I think that when we talk about brands we admire, when we look at organizations that are outperforming, it’s because we believe in them. We want to believe them because we have an identity wrapped up in who they are. And in my talks, I put up a slide of a bunch of people who have some tattoos, and all the tattoos are from Harley Davidson. And I say, ‘Almost no one gets a Suzuki tattoo.’ And the lesson there is: That’s a choice. It’s a choice to make something tattoo-worthy. And the way you get to be tattoo-worthy is not by trying to maximize return on equity for your shareholders.

From where you sit today, who are the brands racing to the top and becoming tattoo-worthy?
Well, every time I mentioned a brand in a positive way, they fall apart, so that’s the golden curse.

Haha, the Godin curse!
So instead my answer is, tell me a brand you admire. Because if you admire it, I know why. You admire it because it’s got some identity for you. Almost nobody wants to go to Avis instead of Hertz, or Hertz instead of Avis, because they’ve both persuaded us that they’re the same. And the same with bottled water. If bottled water is all pure, then just buy the cheap one.

And then I think about what it means to have an actual brand versus a logo. If Nike had a hotel, I think we would all agree that we can imagine what it would be like, but if Hyatt had a brand of sneakers, we have no clue what it would be like. That’s because Hyatt only has a logo. But Nike has a brand. And what it means to have a brand is that you stand for something, and some people don’t like it. But everyone knows the promise that you are making and keeping. And what we get to do is make promises and keep them. That is the thrilling part of being a marketer, because we’re choosing to lean outside of the established industrial standard.

How do you want marketers today to be better? What is the choice they can make, or does it come in the thinking of making the choice—intention?
Every marketer who decides to be a selfish short-term narcissistic profit taker, who is cutting corners and hiding, has made that choice. We don’t have to do that. You can say to your team, ‘This product you want me to sell? It’s crap, I’m not going to push it.’ You can say to the team, ‘Oh, you want me to spam people who trust us? Not going to do it.’

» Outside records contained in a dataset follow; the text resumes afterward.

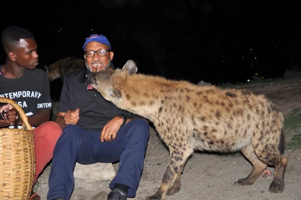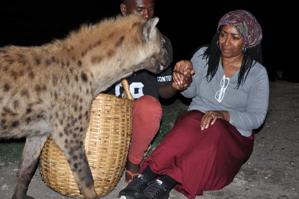 Feeding hyenas! Linda is a G!
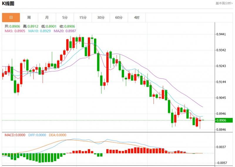 周四盘中,美元瑞郎报0.8906,跌幅0.00%。
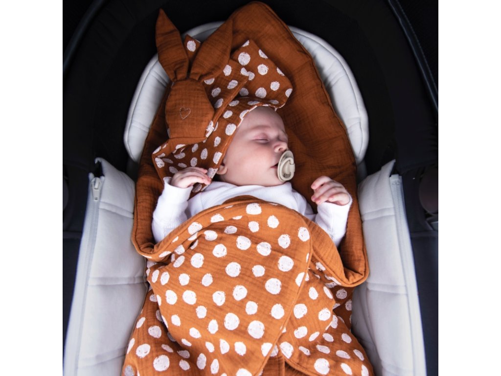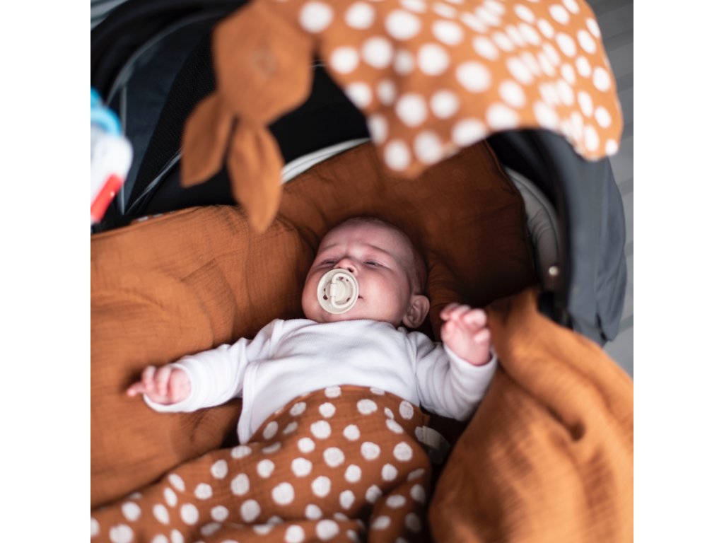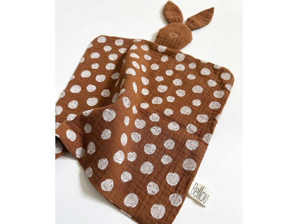 Muchláčik je vyrobený zo 100 % bio bavlneného mušelínu, ktorý je mimoriadne jemný, priedušný a šetrný k citlivej detskej pokožke.Prírodný mušelín je savý a s každým praním sa stáva ešte mäkším a príjemnejším na dotyk – ideálny na mojkanie aj pokojný spánok bábätka.Rozmer: cca 29 × 29 cmMateriál: 100 % bio bavlna, výplň hlavičky: vatelín
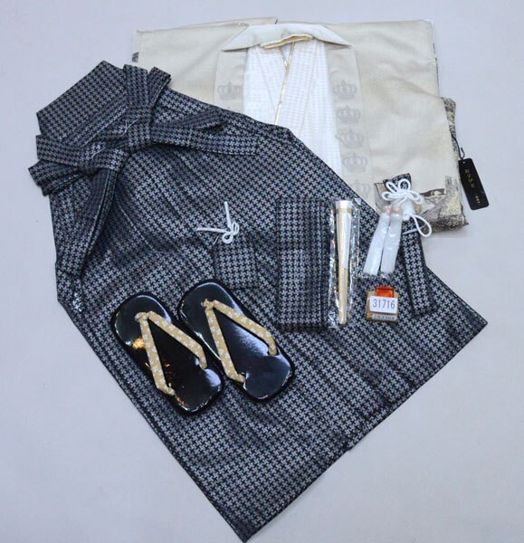 | 項目 | 五歳 羽織袴フルセット ・羽織 ・着物 ・長襦袢 ・袴 ・草履 ・角帯 ・扇子 ・短剣 ・羽織紐 ・お守り ・半衿(襦袢へ縫いつけられております) |
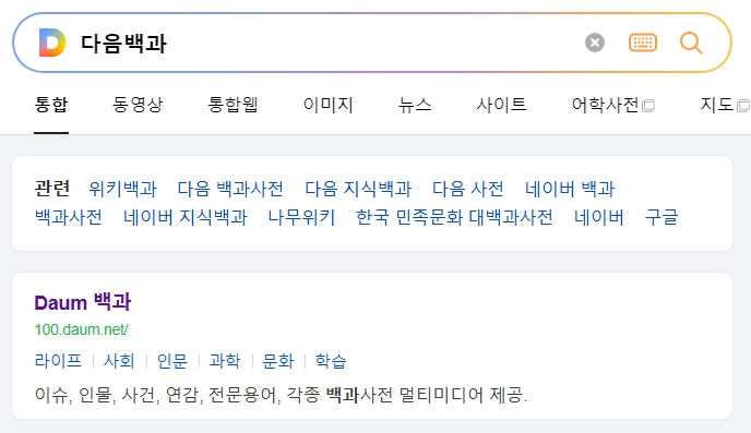 1. 다음백과 홈페이지에 접속합니다. 이곳은 이슈, 인물, 사건, 연감, 전문용어 등을 포괄적으로 제공하는 온라인 백과사전 플랫폼입니다. 다양한 주제와 상세한 정보를 한곳에서 확인할 수 있어 학습이나 개념 정리에 유용합니다. 특히 법률이나 가족 관계와 같은 전문 분야의 용어를 쉽게 이해할 수 있도록 설명과 함께 예시를 제공합니다.
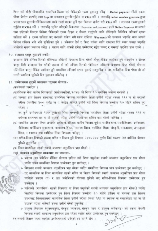 शिक्षा सेवा आयोगले सामुदायिक विद्यालयको निम्न माध्यमिक तहको तृतीय श्रेणीको रिक्त शिक्षक स्थायी पद पूर्तिको लागि आवेदन माग गरेको छ । सो पदका लागि १८ वर्ष पूरा भएका र ४० वर्ष ननाघेका इच्छुक नेपाली नागरिकले आउदो फाल्गुण २८ गतेसम्म रु.७०० दरले (प्रत्येक समावेशी समूहमा थप रु.५०० का दरले) शुल्क तिरेर आउदो चैत्र ५ गतेसम्म दोब्बर दस्तुर तिरेर आवेदन दिन सक्ने आज प्रकाशित सूचनामा उल्लेख छ ।
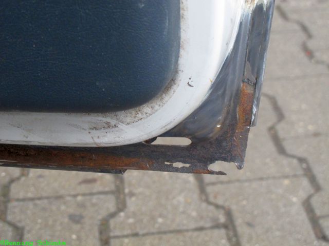 Besonders unten an der Ecke der Beifahrertür, hier nachdem aller Rost entfernt war. Inzwischen ist das geschweißt und lackiert. An der Fahrertür an gleicher Stelle zeigte sich die braune Pest auch schon, nur noch nicht so weit fortgeschritten. Aber auch das ist wieder rostfrei und mit frischer Farbe versehen.
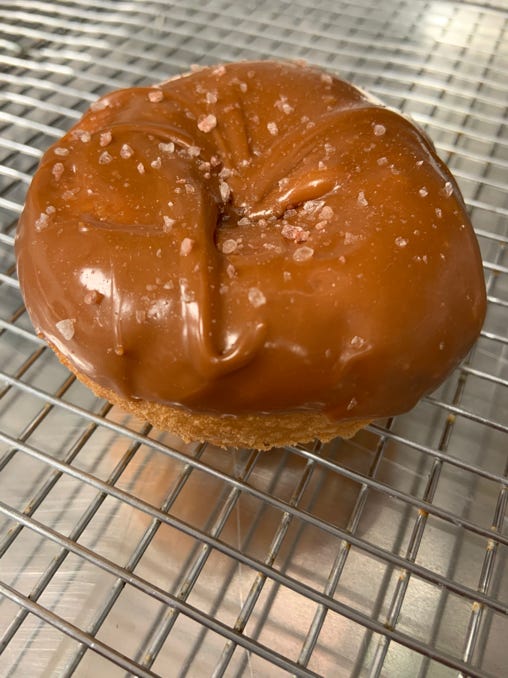 Old fashioned cake donut topped with caramel fudge glaze & pink himalayan sea salt crystals.
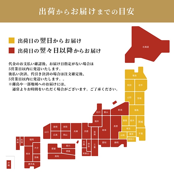 代金のお支払い確認後、お届け日指定がない場合は5営業日以内に発送いたします。後払い決済の場合は注文確定後、5営業日以内に発送いたします。
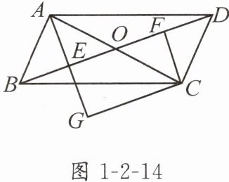 2. 如图 1-2-14,在平行四边形 $ABCD$ 中,对角线 $AC$,$BD$ 相交于点 $O$,点 $E$,$F$ 分别为 $OB$,$OD$ 的中点,延长 $AE$ 至点 $G$,使 $AE = GE$,连接 $CG$,$CF$。

It’s your fingers on the button. You don’t have to press the button. As marketers, if we’re truly professionals, we’ve got to take responsibility for what we’re going to say and how we’re going to say it. We should have the confidence to never say, ‘I was just doing my job.’ Because we can do better than that. Marketing is what changes our consumption. Marketing decides whether someone’s going to vape or not. Marketing decides whether someone’s going to get elected or not. So we’re responsible for life or death every day, and we should act that way. That is my mission.